Big cluster problem with fresh install proxmox 2.1

basanisi

Renowned Member
Apr 15, 2011
40
2
73
I have create à two node cluster with 2 dell R510 equiped with 8 1T in Perc 700 raid 10.

All work previously with the installation and for test purposes I decide to reinstall from blank, after I backup all my vm.

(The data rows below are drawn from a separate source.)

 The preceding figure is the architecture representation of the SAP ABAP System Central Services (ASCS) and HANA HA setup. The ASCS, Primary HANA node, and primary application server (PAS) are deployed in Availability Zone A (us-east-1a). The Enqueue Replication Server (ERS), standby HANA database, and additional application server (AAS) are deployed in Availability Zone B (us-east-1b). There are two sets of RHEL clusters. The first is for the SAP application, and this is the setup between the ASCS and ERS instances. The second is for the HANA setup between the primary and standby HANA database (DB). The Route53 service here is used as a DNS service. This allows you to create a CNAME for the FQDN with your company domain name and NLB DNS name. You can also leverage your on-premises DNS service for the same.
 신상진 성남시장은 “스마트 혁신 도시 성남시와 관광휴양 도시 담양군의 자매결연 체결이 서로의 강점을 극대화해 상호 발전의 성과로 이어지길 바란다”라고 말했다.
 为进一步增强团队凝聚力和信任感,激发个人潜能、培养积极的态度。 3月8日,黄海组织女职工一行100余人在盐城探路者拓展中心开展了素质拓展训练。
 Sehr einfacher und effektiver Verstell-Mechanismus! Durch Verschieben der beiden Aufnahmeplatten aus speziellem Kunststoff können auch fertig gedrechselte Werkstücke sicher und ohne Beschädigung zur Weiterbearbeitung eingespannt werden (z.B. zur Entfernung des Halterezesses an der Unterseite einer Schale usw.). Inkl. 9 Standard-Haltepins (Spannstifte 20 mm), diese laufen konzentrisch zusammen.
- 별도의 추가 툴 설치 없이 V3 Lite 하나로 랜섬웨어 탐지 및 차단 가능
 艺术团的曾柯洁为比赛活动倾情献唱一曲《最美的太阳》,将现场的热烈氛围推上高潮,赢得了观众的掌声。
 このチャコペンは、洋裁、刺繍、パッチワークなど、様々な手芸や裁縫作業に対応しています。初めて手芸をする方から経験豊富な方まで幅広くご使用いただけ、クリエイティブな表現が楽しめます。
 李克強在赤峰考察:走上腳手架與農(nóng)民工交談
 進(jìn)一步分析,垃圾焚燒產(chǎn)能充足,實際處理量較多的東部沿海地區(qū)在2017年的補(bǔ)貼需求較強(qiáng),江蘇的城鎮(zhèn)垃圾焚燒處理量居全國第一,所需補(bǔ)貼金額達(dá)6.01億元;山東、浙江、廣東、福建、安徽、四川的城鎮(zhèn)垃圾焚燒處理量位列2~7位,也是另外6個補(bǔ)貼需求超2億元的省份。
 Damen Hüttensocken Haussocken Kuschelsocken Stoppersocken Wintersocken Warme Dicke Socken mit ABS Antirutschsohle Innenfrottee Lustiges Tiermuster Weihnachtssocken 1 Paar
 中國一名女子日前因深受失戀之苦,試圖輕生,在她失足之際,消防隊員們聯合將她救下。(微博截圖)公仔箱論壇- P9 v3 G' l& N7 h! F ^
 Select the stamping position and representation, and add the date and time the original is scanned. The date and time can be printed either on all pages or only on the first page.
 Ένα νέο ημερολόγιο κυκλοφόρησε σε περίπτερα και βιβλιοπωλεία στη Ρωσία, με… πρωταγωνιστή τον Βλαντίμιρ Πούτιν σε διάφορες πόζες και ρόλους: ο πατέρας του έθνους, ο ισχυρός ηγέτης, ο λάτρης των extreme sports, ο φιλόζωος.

After a fresh install with proxmox 2.1 without problem I create à new cluster with the help of http://pve.proxmox.com/wiki/Proxmox_VE_2.0_Cluster#Adding_nodes_to_the_Cluster

But when it try to add the second node the answer is

pvecm add 10.165.2.189
authentication key already exists

when I try to force

pvecm add 10.165.2.189 -force
I/O warning : failed to load external entity "/etc/pve/cluster.conf"
ccs_tool: Error: unable to parse requested configuration file

command 'ccs_tool lsnode -c /etc/pve/cluster.conf' failed: exit code 1
unable to add node: command failed (ssh 10.165.2.189 -o BatchMode=yes pvecm addnode proxmox01 --force 1)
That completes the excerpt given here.